=== Stored data ===
--------------------

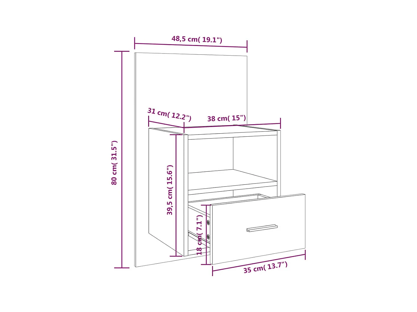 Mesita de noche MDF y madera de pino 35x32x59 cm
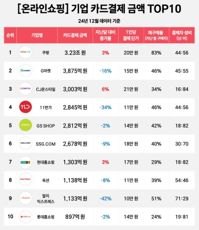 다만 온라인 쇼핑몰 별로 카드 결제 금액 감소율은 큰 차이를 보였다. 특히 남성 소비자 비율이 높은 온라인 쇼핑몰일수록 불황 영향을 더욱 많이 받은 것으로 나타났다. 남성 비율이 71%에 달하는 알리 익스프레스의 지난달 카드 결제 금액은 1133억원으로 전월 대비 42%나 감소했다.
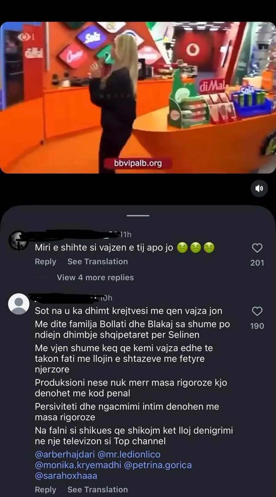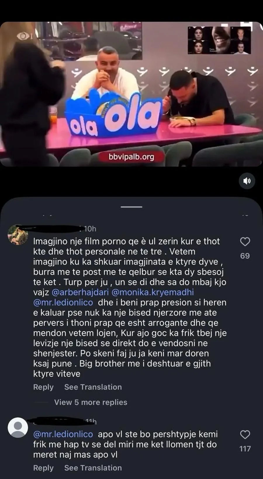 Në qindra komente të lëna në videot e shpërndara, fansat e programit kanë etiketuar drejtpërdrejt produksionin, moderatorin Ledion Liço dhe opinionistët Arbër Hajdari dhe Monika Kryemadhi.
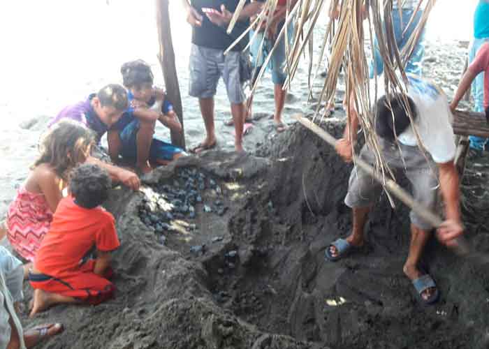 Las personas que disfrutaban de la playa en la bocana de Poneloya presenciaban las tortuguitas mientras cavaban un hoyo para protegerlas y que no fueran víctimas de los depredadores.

--------------------

=== Description of the task ===
Your answer should copy the listing word for word, with no pictures in it.

=== Response to this task ===
 Mesita de noche MDF y madera de pino 35x32x59 cm
 다만 온라인 쇼핑몰 별로 카드 결제 금액 감소율은 큰 차이를 보였다. 특히 남성 소비자 비율이 높은 온라인 쇼핑몰일수록 불황 영향을 더욱 많이 받은 것으로 나타났다. 남성 비율이 71%에 달하는 알리 익스프레스의 지난달 카드 결제 금액은 1133억원으로 전월 대비 42%나 감소했다.
 Në qindra komente të lëna në videot e shpërndara, fansat e programit kanë etiketuar drejtpërdrejt produksionin, moderatorin Ledion Liço dhe opinionistët Arbër Hajdari dhe Monika Kryemadhi.
 Las personas que disfrutaban de la playa en la bocana de Poneloya presenciaban las tortuguitas mientras cavaban un hoyo para protegerlas y que no fueran víctimas de los depredadores.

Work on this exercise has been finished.